A pesquisa gerou um trabalho que foi publicado na renomada revista forense Journal of
Forensic Sciences sob o título: “Development
of a simple and low-cost enzymatic methodology for
quantitative analysis of carbamates in meat samples of forensic interest” (6).
Pelas reações verificadas, a
aplicação do método enzimático na análise forense é feita de forma pioneira no Brasil pelo
Estado do Rio de Janeiro.
O método pode ainda ser adaptado à realidade do Instituto Médico Legal, onde muitas
vezes ocorre a verificação de grânulos característicos no conteúdo estomacal e após extração e
análise dos mesmos, não se consegue concluir pela presença de aldicarb.
FIGURA 4
Além da elevada sensibilidade, e simples execução, o método demanda poucos requisitos
para que seja implementado nas dependências do Serviço de Perícias de Química do ICCE e o
presente projeto apresenta então as condições materiais para tal implementação.

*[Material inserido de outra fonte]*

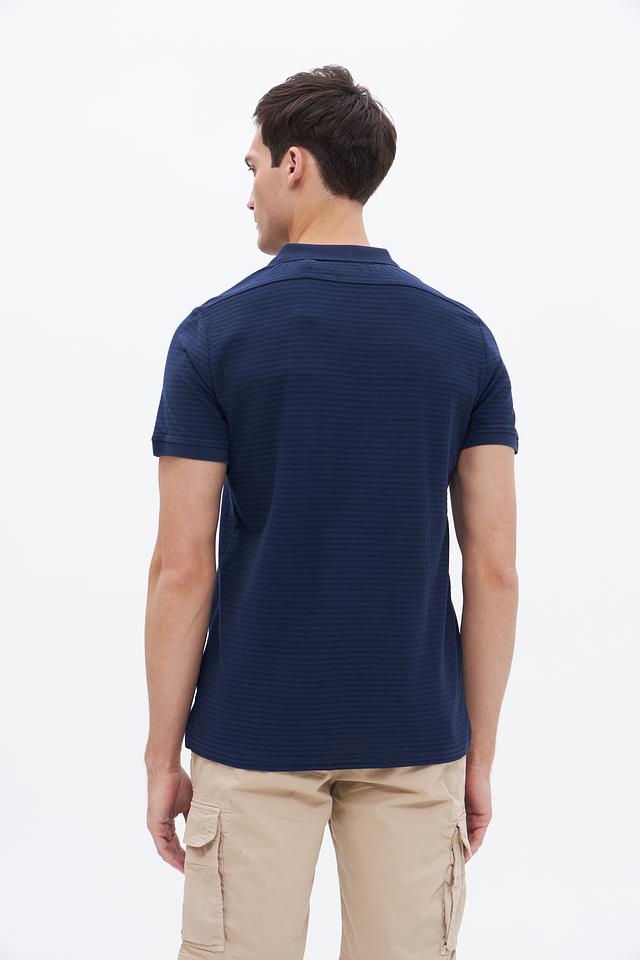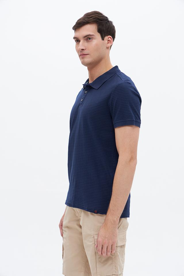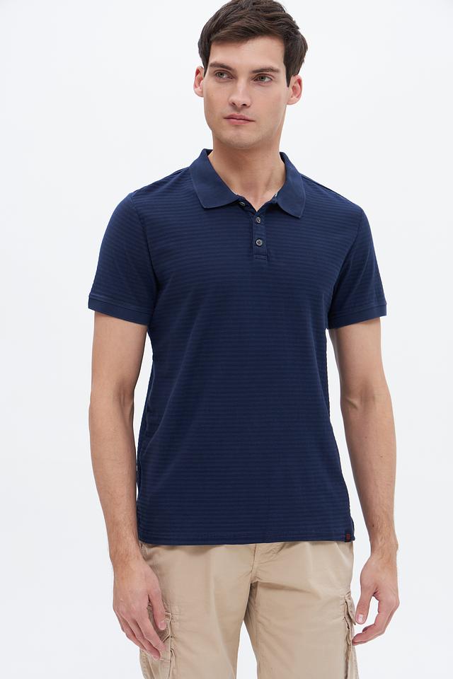 Мужское поло Time Zone тёмно-синего цвета выполнено из 100% хлопка и имеет текстурированную поверхность. Классический крой и короткие рукава делают эту модель универсальной для повседневной носки. Состав: хлопок 100%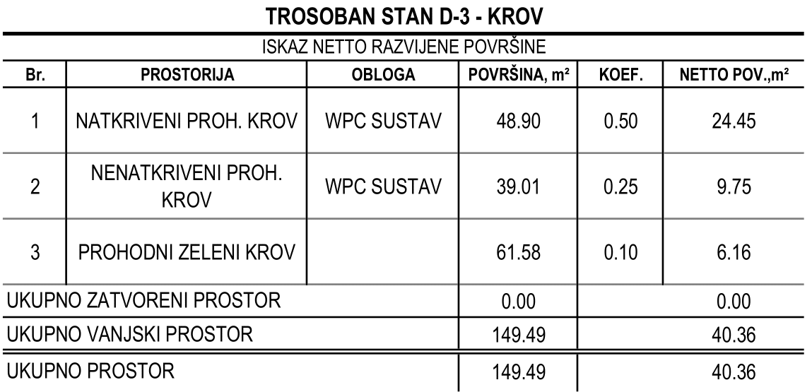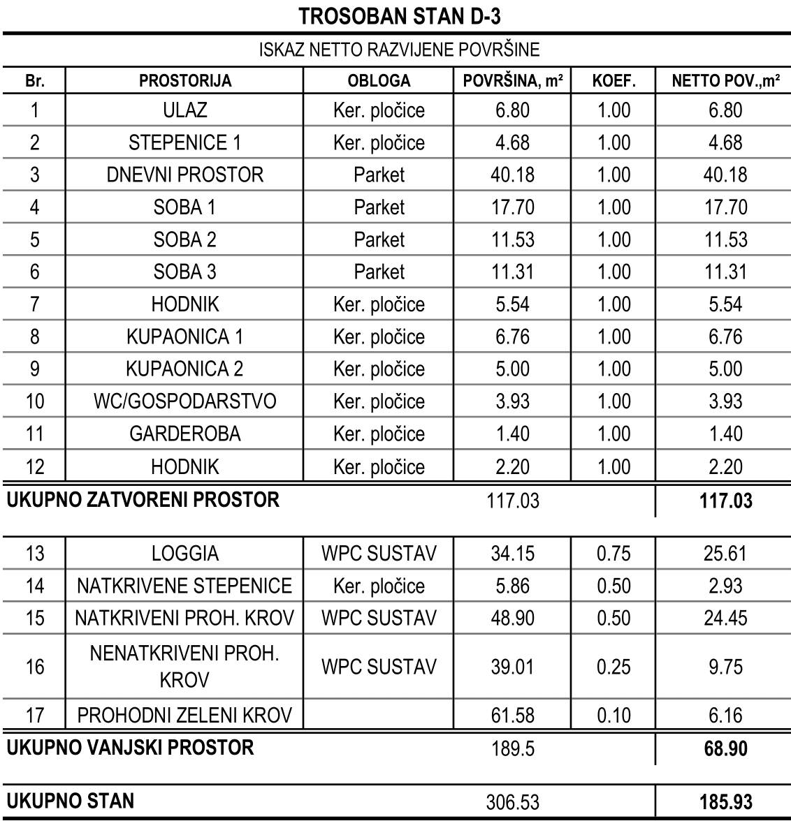 Stan D-3 impresionira svojom ukupnom podnom površinom od 306,53 m² (NKP 117,03 m²) koja pruža osjećaj raskoši, slobode i potpunog komfora. U sklopu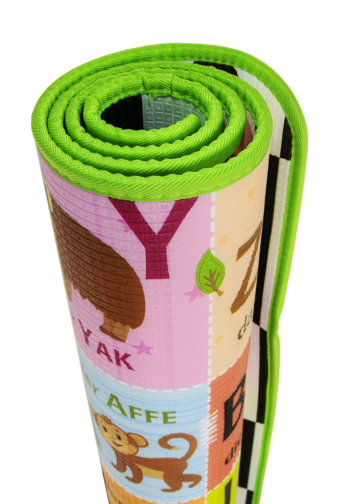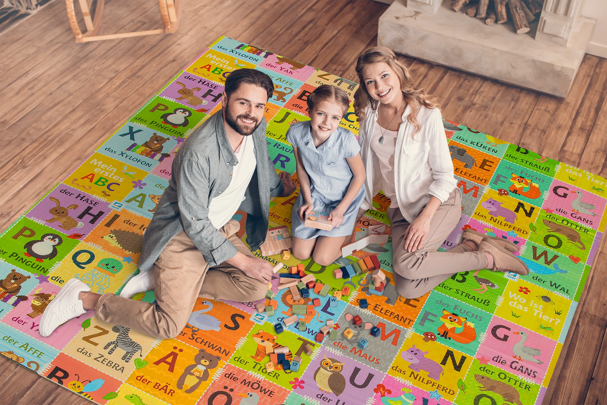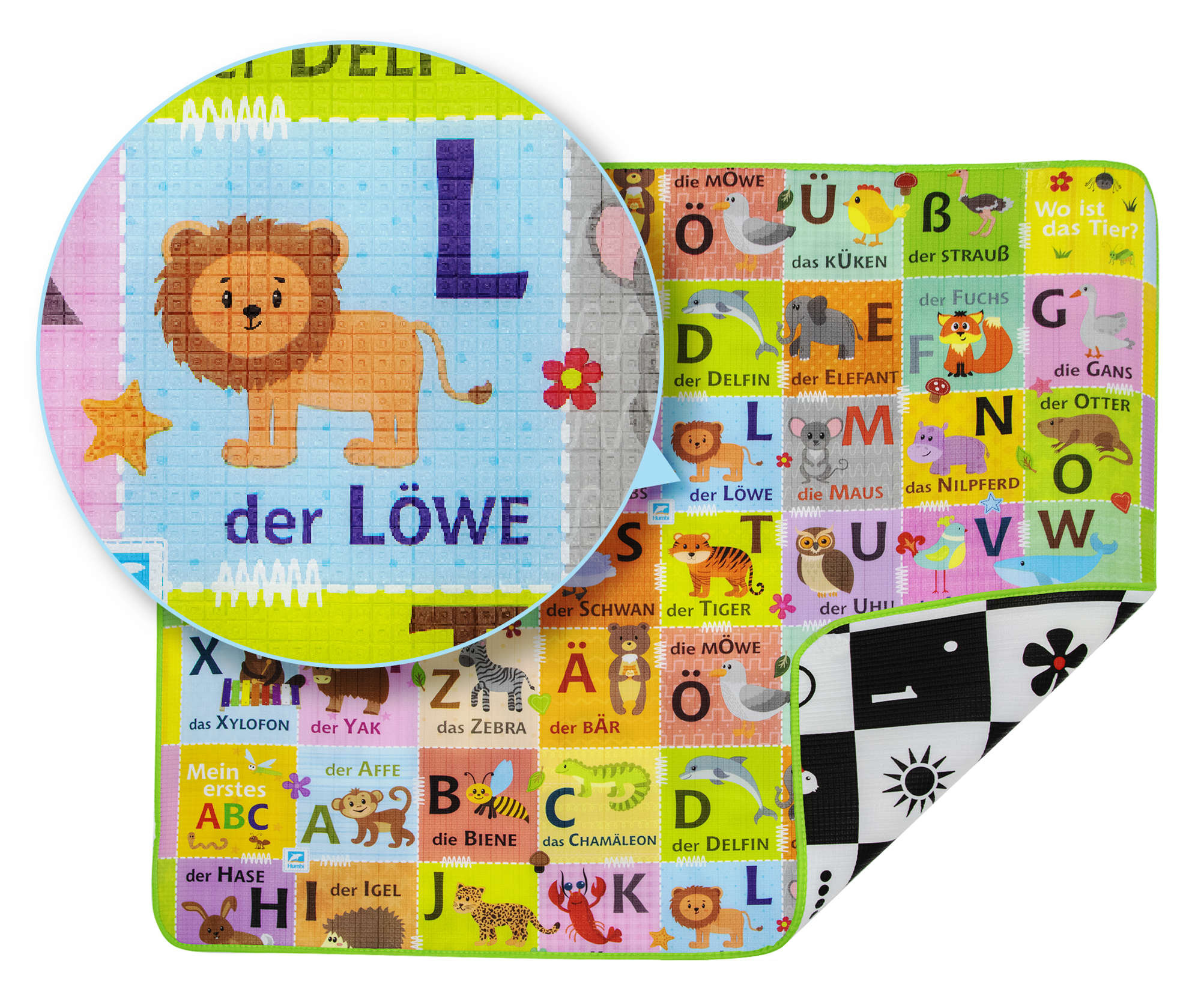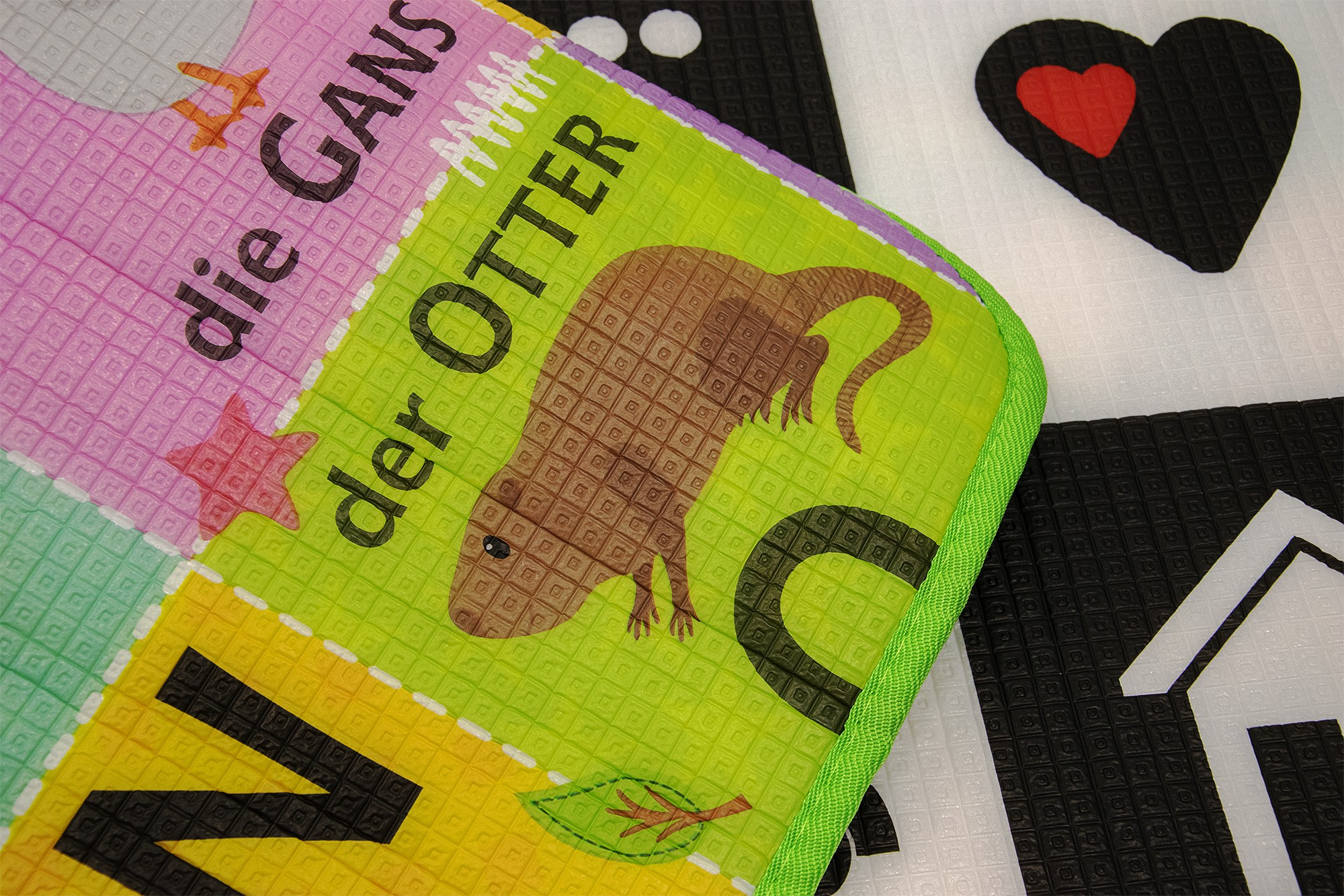 Die bunte Seite der Matte dient dazu, die Buchstaben des Alphabets anhand der Namen von freundlichen Tieren zu lernen. Das Alphabet umfasst alle deutschen Buchstaben, und Tiere aus aller Welt wecken die Neugier des Kindes und werden Teil des Lernspielplatzes.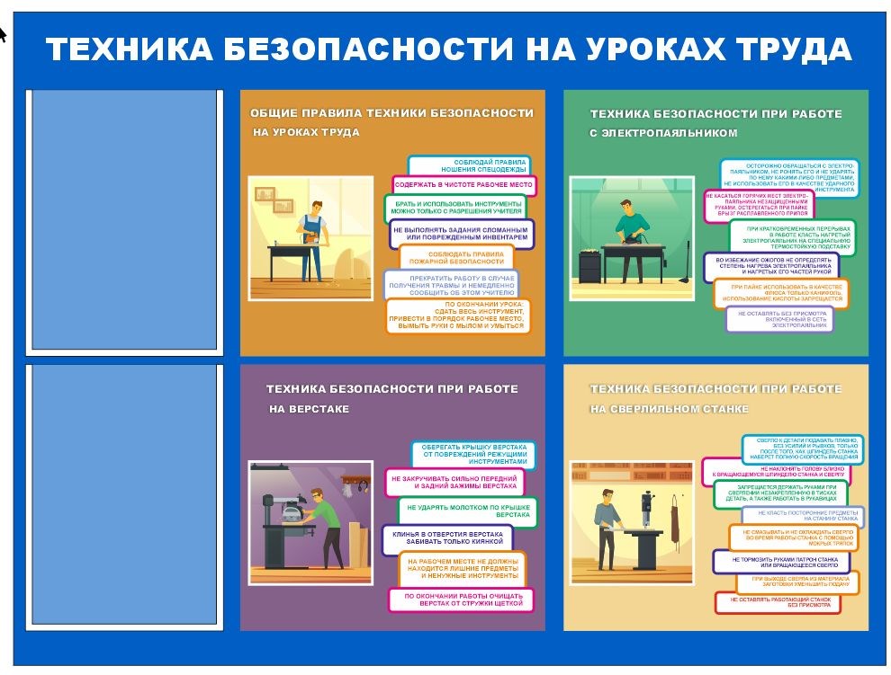 Стенд Техника безопасности на уроках труда 1000 х 750мм, карман А4-2шт.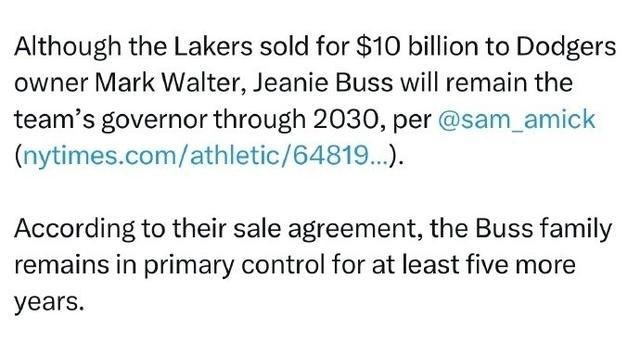 不过如今根据名记Sam Amick报道,他透露珍妮-巴斯实则未来5年依然是湖人的掌舵者:“湖人最近以100亿美元估值出售MLB洛杉矶道奇老板马克-沃尔特斯,但未来很长一段时间仍然会由珍妮-巴斯来管理。根据一个湖人的消息源透露,巴斯家族和沃尔特斯,以及NBA达成的协议中,明确要求珍妮-巴斯将继续掌舵湖人至少5个赛季。”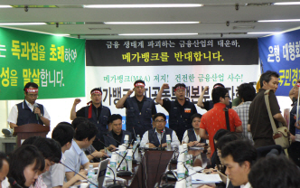 | <사진=금융권 구조조정 이슈가 본격적으로 떠오르고 있다. 사진은 6일 메가뱅크저지투쟁본부 회견장면> |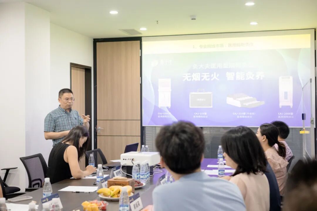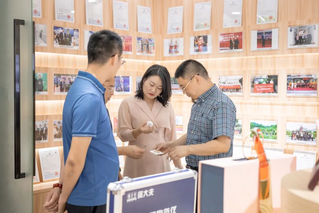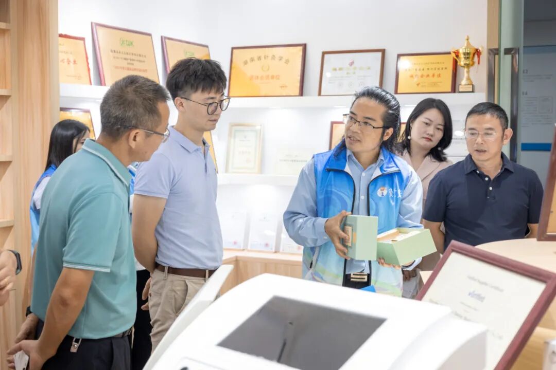 灸大夫董事长杨建功先生携企业骨干成员,对博商曾院长等一行成员进行了热情接待,亲自带领大家参观公司办公环境,感受灸大夫品牌风采。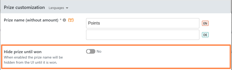* **When enabled:** The prize name remains hidden during gameplay and is only revealed in the winning pop-up once a player wins it.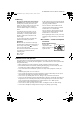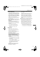 HV-32D25EJW / LCT1271-001A-U / ENGLISH HV-32D25EJW.fm Page 33 Monday, October 21, 2002 1:19 PM Using the TV’s menu REAR SPEAKER: ON: Choose when surround speakers are connected. OFF: Choose when surround speakers are not connected. SUBWOOFER: INT.: Choose to use the TV woofer for the bass sound. • Bass sound does not come from the other speakers. EXT.: Choose when using an external subwoofer. No sound comes from the TV woofer. • Bass sound does not come from the other speakers.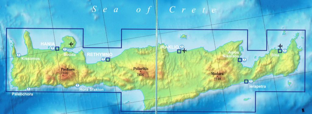 - City maps of Hania, Rethymno, Iraklio, Ierapetra, Sitia, Agios Nikolaos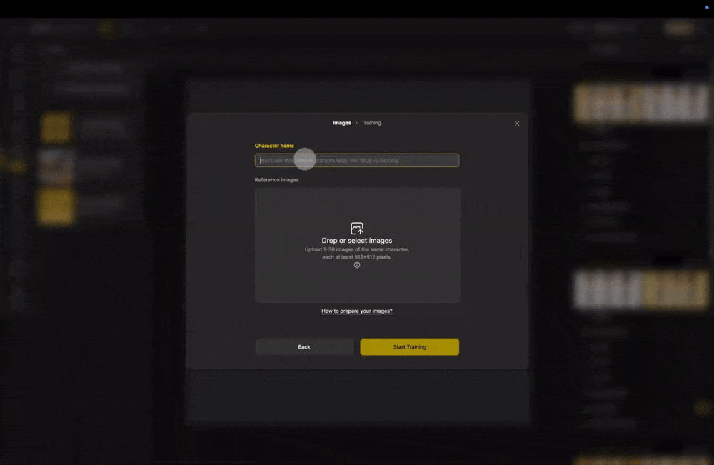 1. Name your character and upload photos (up to 30)
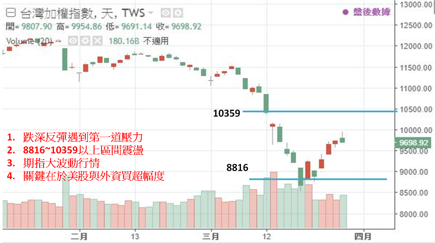 壓力暫時看10359點以上是3/12的低點起跌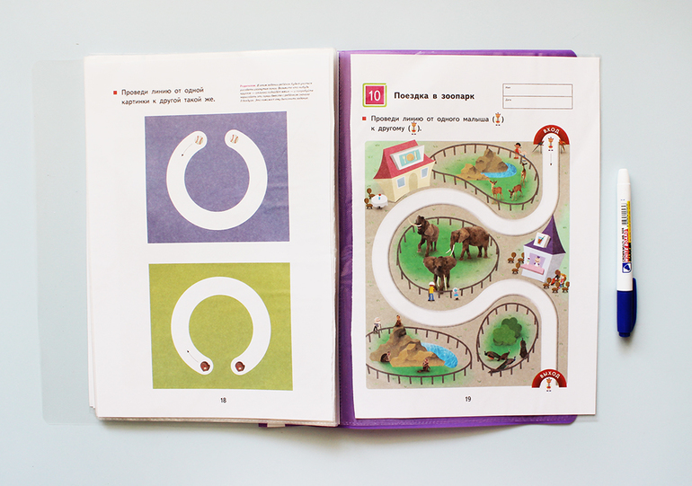 Рисуем обычным маркером на водной основе, он очень легко стирается влажной тряпочкой не оставляя следов. Задания можно совмещать, вставляя в одну папку странички сразу из несколько разных пособий.

REFERÊNCIAS BIBLIOGRÁFICAS
1. Ballesteros, E., M. Gallego, and M. Valcarcel, Automatic gas chromatographic determination
of N-methylcarbamates in milk with electron capture detection. Anal Chem, 1993. 65(13): p.
1773-8.
2. Juhler, R.K., Optimized method for the determination of organophosphorus pesticides in meat
and fatty matrices. J Chromatogr A, 1997. 786(1): p. 145-53.
3. Lima, K. and E. Spinelli, Análise por cromatografia em camada delgada do inseticida
carbamato Aldicarb em material post mortem. Revista Brasileira de Toxicologia, 1997. 10(1): p.
9-12.
4. Cunha Bastos, V.L.F., Cunha Bastos, J., Lima, J.S. and Castro Faria, M.V., Brain
acetylcholinesterase as an in vitro detector of organophodphorus
and carbamate
insecticides in water. Water Research,1991. 25(7): p. 835-40.
5. Lima, J.S., Cunha Bastos, J., Cunha Bastos, V.L.F. Cunha, J.C., Moraes, F.F.M., Ferreira,
M.F.A., Moreira, J.C. and Castro Faria, M.V. Methyl parathion activation by a partially purified
rat brain fraction. Toxicol Lett, 1996. 87(1): p. 53-60.
6.
Sabino, B. D., Torraca, T. G., et al. (2010). Development of a simple and low-cost enzymatic methodology for
quantitative analysis of carbamates in meat samples of forensic interest. J Forensic Sci, 55, 3, 808-12.